1. Please describe the problem:

With a docked Lenovo P1 Gen 3: After a fresh boot I can suspend AND resume successfully once, the next attempt to resume will leave me with all enabled displays blank. 

This line in journalctl (attached) seems to correspond with each failed resume:

Feb 18 14:51:40 berlinetta kernel: nouveau 0000:01:00.0: PM: failed to resume async: error -110

It does not appear to matter if I have a single display (external monitor) or joined displays (laptop + external monitor), the problem occurs either way.

Lenovo P1 Gen 3 with both intel and nvidia graphics, I am just using nouveau per default.

❯ lspci | grep VGA
00:02.0 VGA compatible controller: Intel Corporation CometLake-H GT2 [UHD Graphics] (rev 05)
01:00.0 VGA compatible controller: NVIDIA Corporation TU117GLM [Quadro T2000 Mobile / Max-Q] (rev a1

Docking station is a Lenovo Thunderbolt 3 Dock model no DBB9003L1, it a little older than the laptop and if it's relevant, does not provide enough power to it, I have to plug in it's power cord as well otherwise I get periodic dock disconnects. (probably unrelated)

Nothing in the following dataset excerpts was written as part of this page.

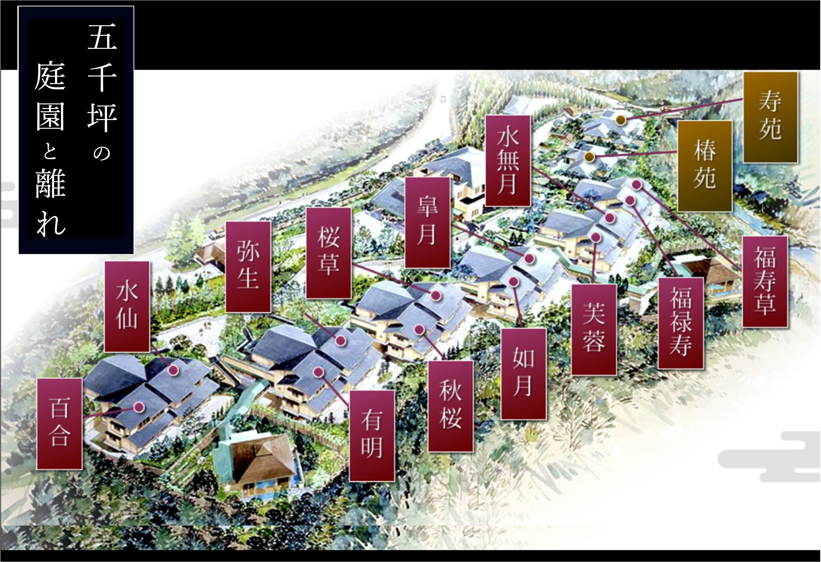 ・付帯施設:大浴場、露天風呂、サウナ、水風呂、貸切風呂、テラス、東屋、ライブラリ、ショップ、大会議室など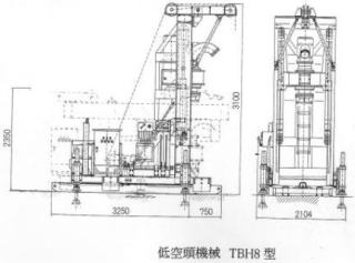 ![]() 低空頭機械TBH8型 1台保有φ2000まで掘削、作業高3mでの施工も可能。 機械はコンパクトで運搬組立・解体可能 低空間現場工事で多用 | ![]() |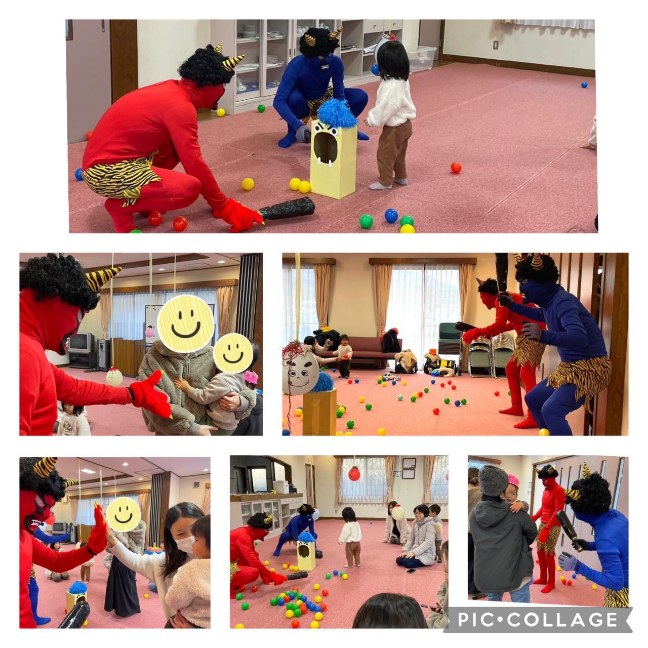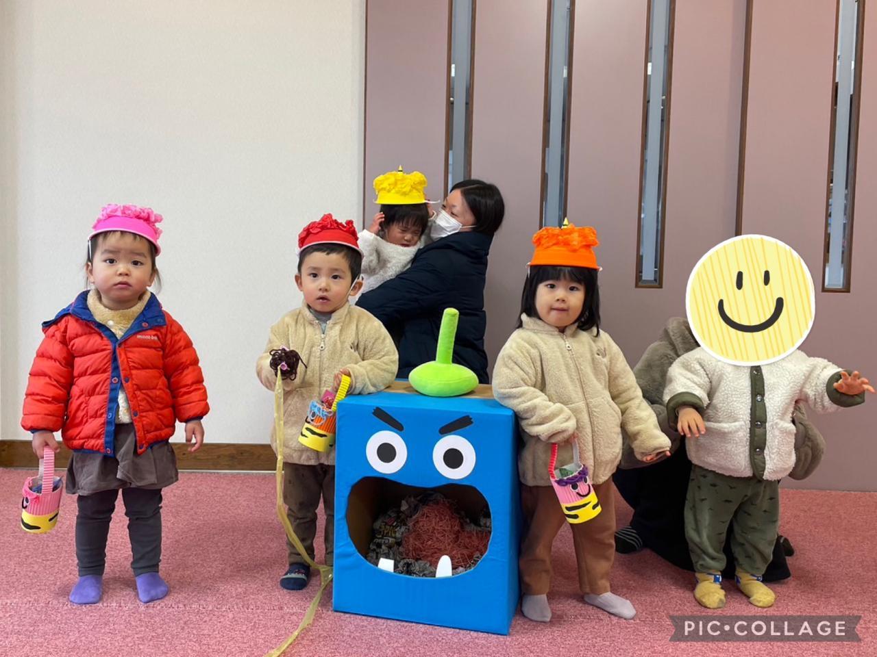 今では豆まきをしないというお家もあるようですが、今日はバンビ教室で豆まきあそびの鬼退治をしました。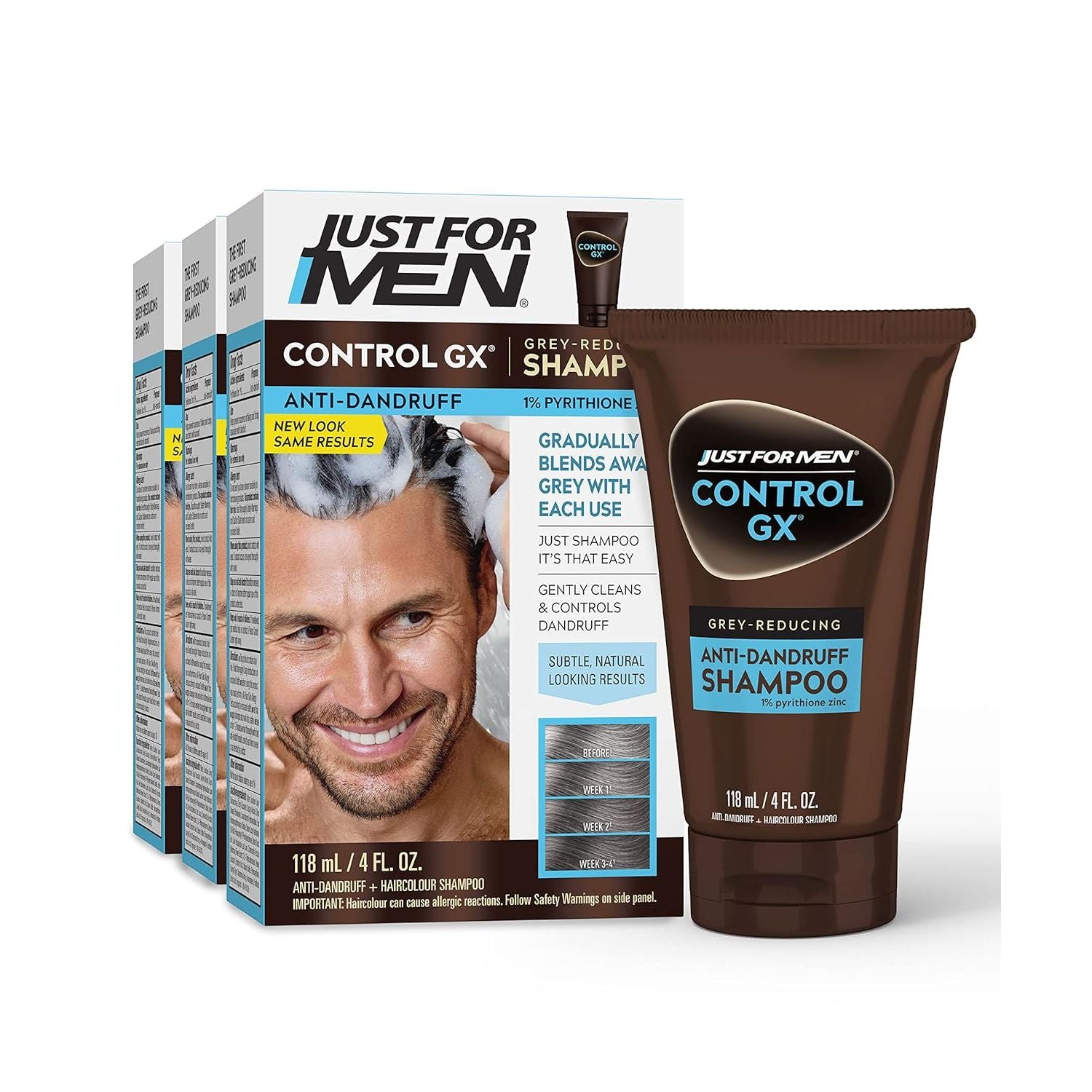 Control GX is the first and only shampoo smart enough to gradually reduce greys by slowly bringing them back to their natural shade while it cleanses and conditions your hair. You get an extremely natural look - just by shampooing as you normally do. Just use it instead of your usual shampoo until you like what you see. Then use it in rotation with your usual shampoo to maintain the look you like. There's never been an easier way to control your grey. Get the look you want: Use the control GX as your daily shampoo, and after the first few washes, you'll start to see a subtle reduction in the amount of gray. Continue to use it until you reach your desired level of grey reduction (generally within 2 to 4 weeks). You can even control how gradually you get to your desired result by using it daily or every other day at the start. Keep it that way: Once you've reached the level of grey reduction you like, you can reduce the frequency of use, alternating with another shampoo. In general guys use it as their daily shampoo at the start, and when they are in "maintenance mode" they use it 3 to 4 times a week.

2. What is the Version-Release number of the kernel:

5.16.8


3. Did it work previously in Fedora? If so, what kernel version did the issue
   *first* appear?  Old kernels are available for download at
   https://koji.fedoraproject.org/koji/packageinfo?packageID=8 :

I believe the problem was introduced with 5.15.17: https://koji.fedoraproject.org/koji/buildinfo?buildID=1909364

Tested good: 
5.15.11
5.15.15
5.15.16

Tested bad: 
5.15.17
5.16.7
5.16.8


4. Can you reproduce this issue? If so, please provide the steps to reproduce
   the issue below:

- Fresh boot the system while docked. (system remains docked throughout)
- Login to Gnome, suspend the laptop from Gnome menus.
- Wait for suspend to complete, press power button on laptop to resume. This works fine.
- Give a few seconds, suspend again from Gnome menus.
- Wait for suspend to complete, press power button on laptop again.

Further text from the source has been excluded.